1. Assemble proteins
Different lncRNAs have been found associated with many different proteins. The interaction through lncRNAs’ bindings with proteins will determine the lncRNA functions. For example, lncRNA facilitates the binding of transcription factors, a type of protein, to the genome and regulates the expression level of the targeted gene. The transcription factor binding is like a switch to control how much genetic information is “copied” to RNA. See panel C of the below figure.
To help understand the functions of lncRNA, a research led by City University of Hong Kong scientists has developed a novel detection method to identify binding proteins of lncRNAs in the living cells.
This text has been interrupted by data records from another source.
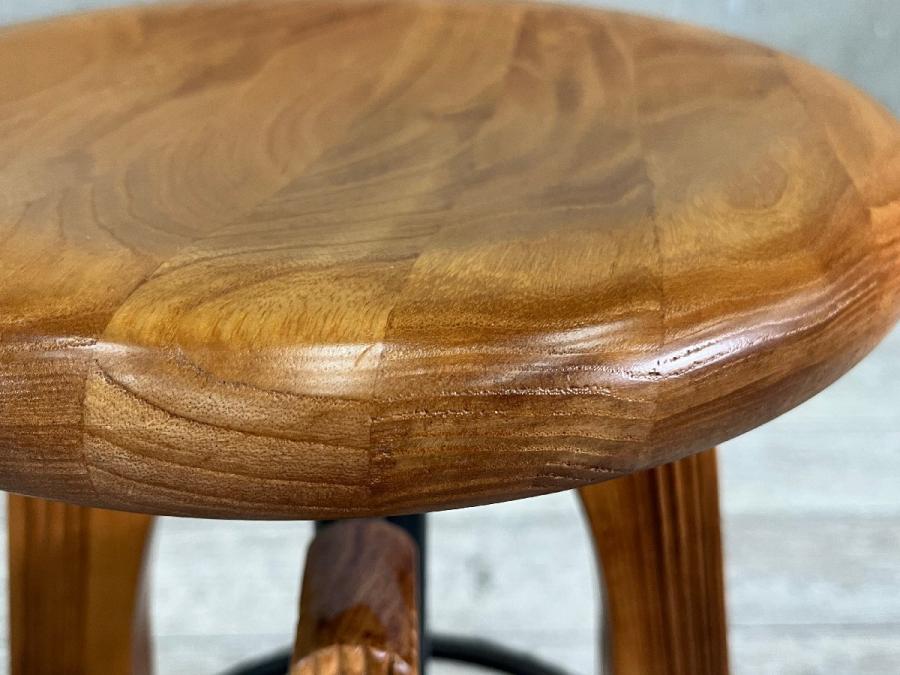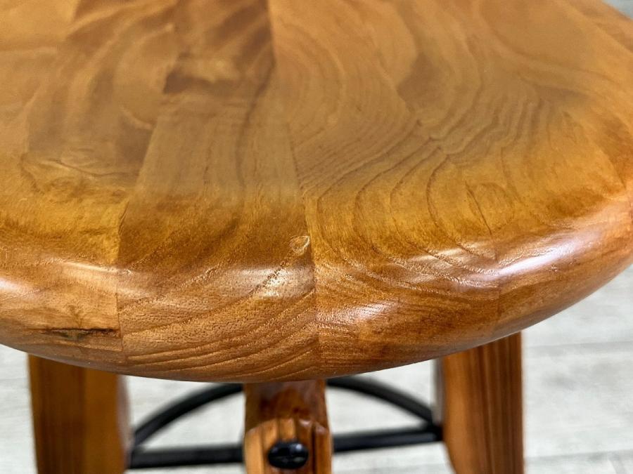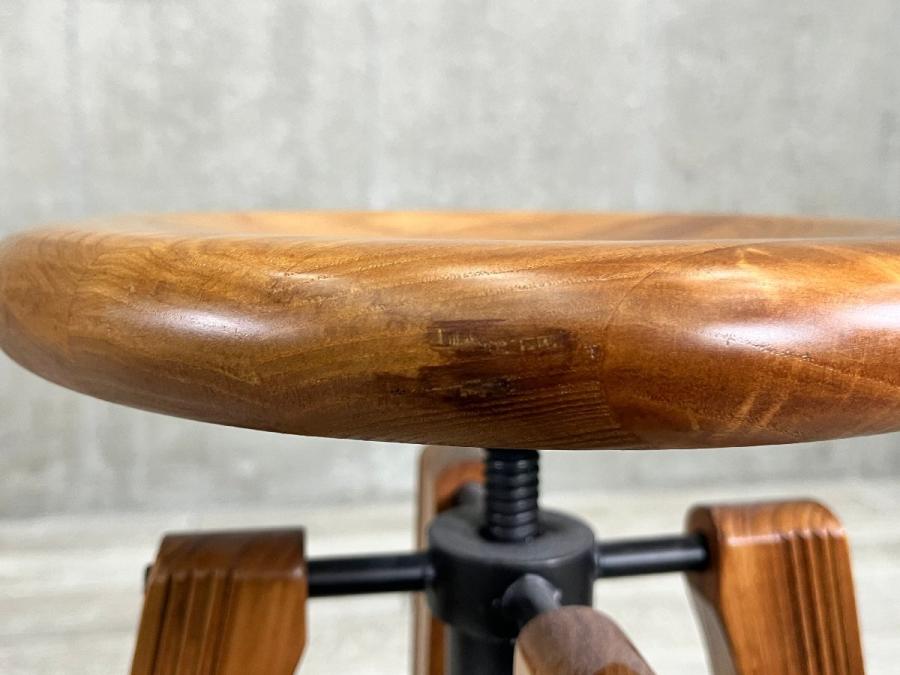 脚部に刻まれたストライプの彫りや、接合部のマイナスネジなど細やかな再現が心をくすぐります。昇降機能がついているため使用シーンに合わせて高さを調整できます。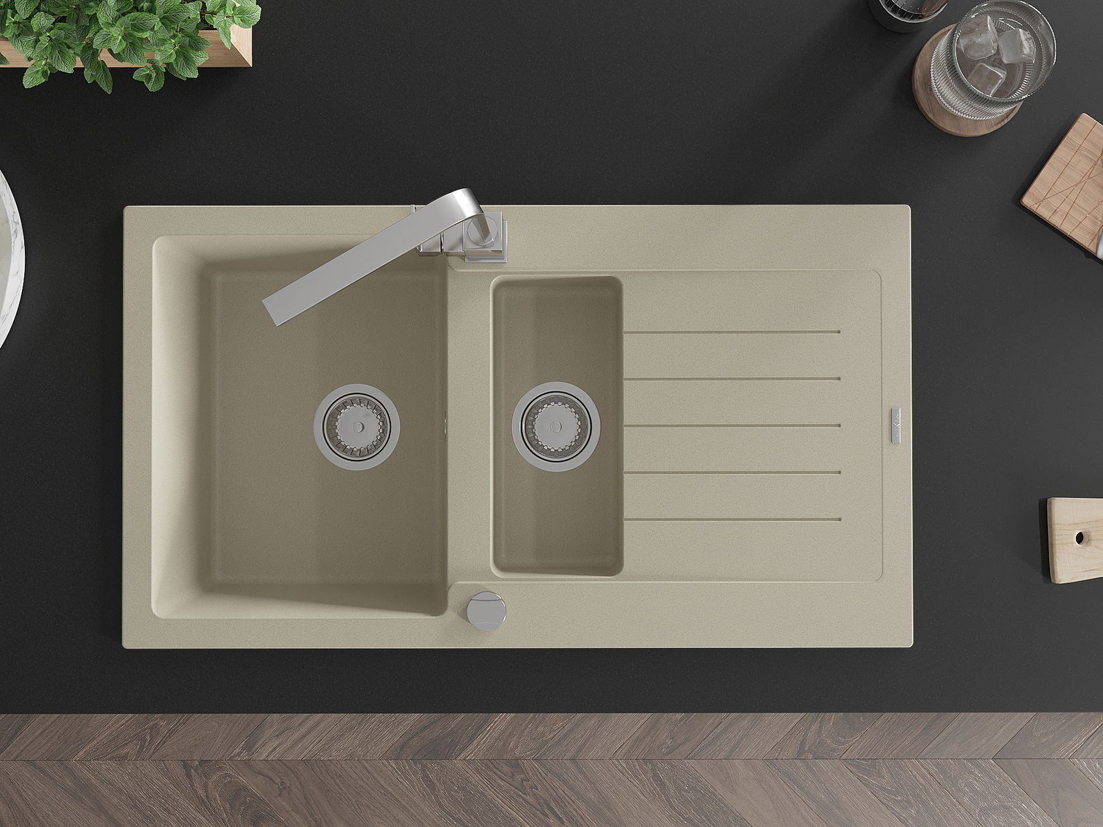 The sink is made of high quality granite. It is an elegant and, above all, practical complement to every kitchen, regardless of its style. High quality and granite durability ensure many years of use.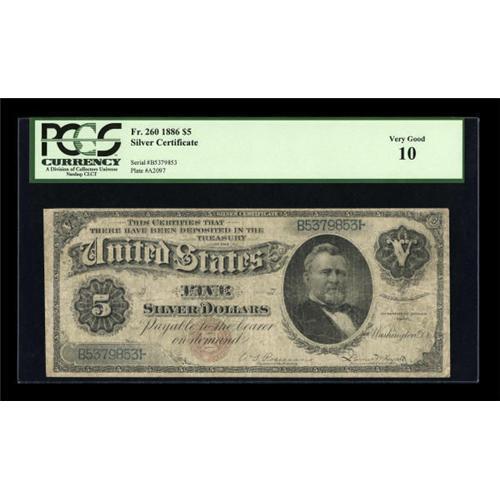 <B>Fr. 260 $5 1886 Silver Certificate PCGS Very Good 10.</B></I> Honest, even circulation is noticed on this Silver Dollar Back.<BR><I>From The Kansas City Collection.</B></I><BR><BR><b>Shipping:</b> Coins & Currency (<a target="_blank" href="http://www.heritageauctions.com/common/shipping.php">view shipping information</a>)
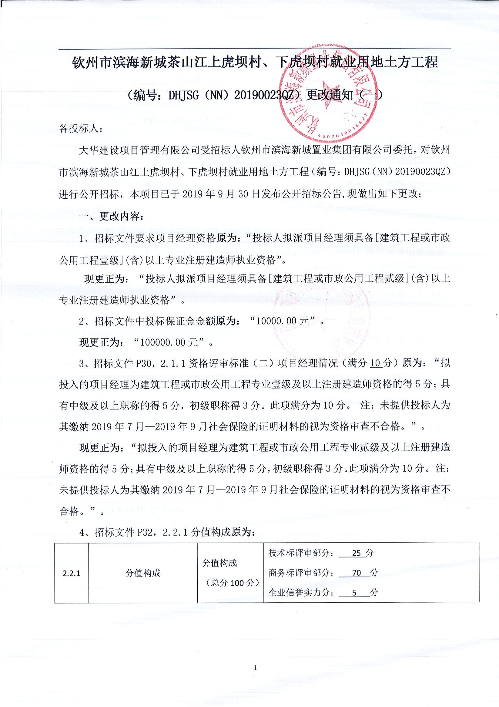 欽州市濱海新城茶山江上虎壩村、下虎壩村就業(yè)用地土方工程(編號:DHJSG(NN)20190023QZ)更改通知(一)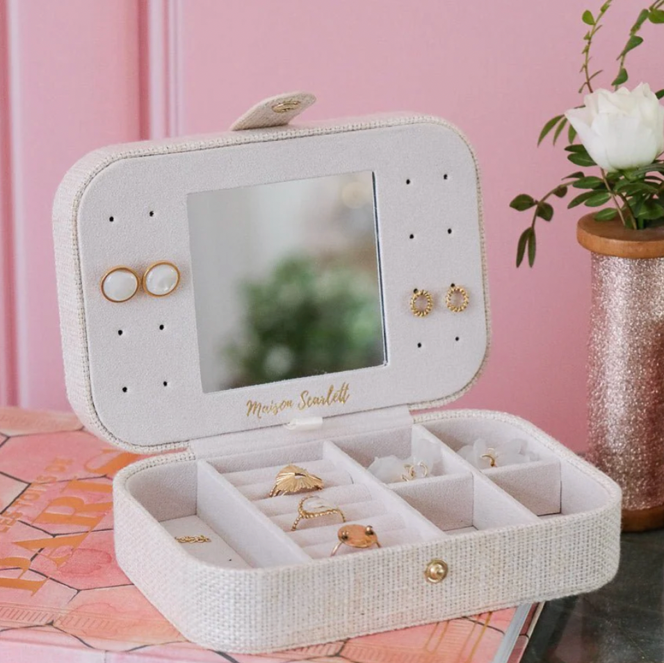 La boîte à bijoux Brigitte effet lin en détails :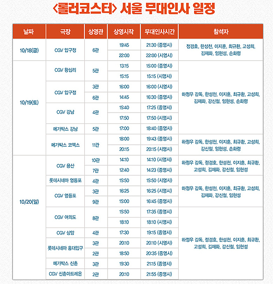 올 하반기 최고의 코미디를 보장하는 ‘롤러코스터’의 하정우 감독과 정경호, 한성천, 이지훈, 최규환, 고성희, 김재화, 강신철, 임현성, 손화령이 18일, 19일, 20일 3일간 서울 지역에서 무대 인사를 통해 관객들을 만날 예정이다.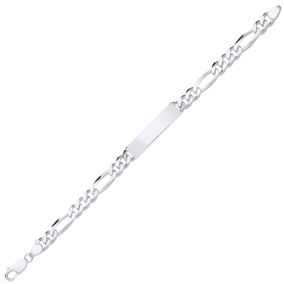 Jewelco London Mens Rhodium Plated Sterling Silver Chunky Figaro Rectangular Bar Identity ID Bracelet 8mm 8.5 inch – ID53 Description

2. Compete for binding with other non-coding RNA
We know that lncRNA can also compete with messenger RNAs (mRNAs, the molecule that will end up making one specific protein) or circular RNA (circRNA) for binding with microRNA (miRNA, a small non-coding RNA molecule containing about 22 nucleotides). When microRNA binds to lncRNA instead of binding to mRNA, the abundance of mRNA gets increased, and the expression level of genes is regulated. See panel H of the above figure.
In addition to the above two examples, there are also other functions of lncRNA (see the other panels in the above figure). Scientists are still working very hard to explore.
How is lncRNA related to different kinds of diseases?
In some diseases, particularly certain types of cancers, some specific lncRNA expression will get increased. For example:
1) in some of the liver cancer patients, hepatocyte cellular abundance of lncRNA DANCR (Differentiation antagonizing non-protein coding RNA) is significantly higher than the people without liver cancer;
2) in lung cancer, the expression level of lncRNA MALAT1 (metastasis-associated lung adenocarcinoma transcript 1) is associated with its prognosis. Sometimes, the level of MALAT1 can be considered as a biomarker for lung cancer metastasis.
However, the detailed molecular mechanisms remain elusive.
What is the relationship between IncRNA & microRNA (miRNA)?
From panel H of the figure above, we can see that lncRNA sometimes competes with mRNA or circRNA for binding to regulatory miRNA and therefore reduces miRNA's availability to its real target (i.e. mRNA or circRNA). So lncRNA sometimes can be considered as “traps” for miRNA, as a natural process used by cells to regulate the abundance of miRNA.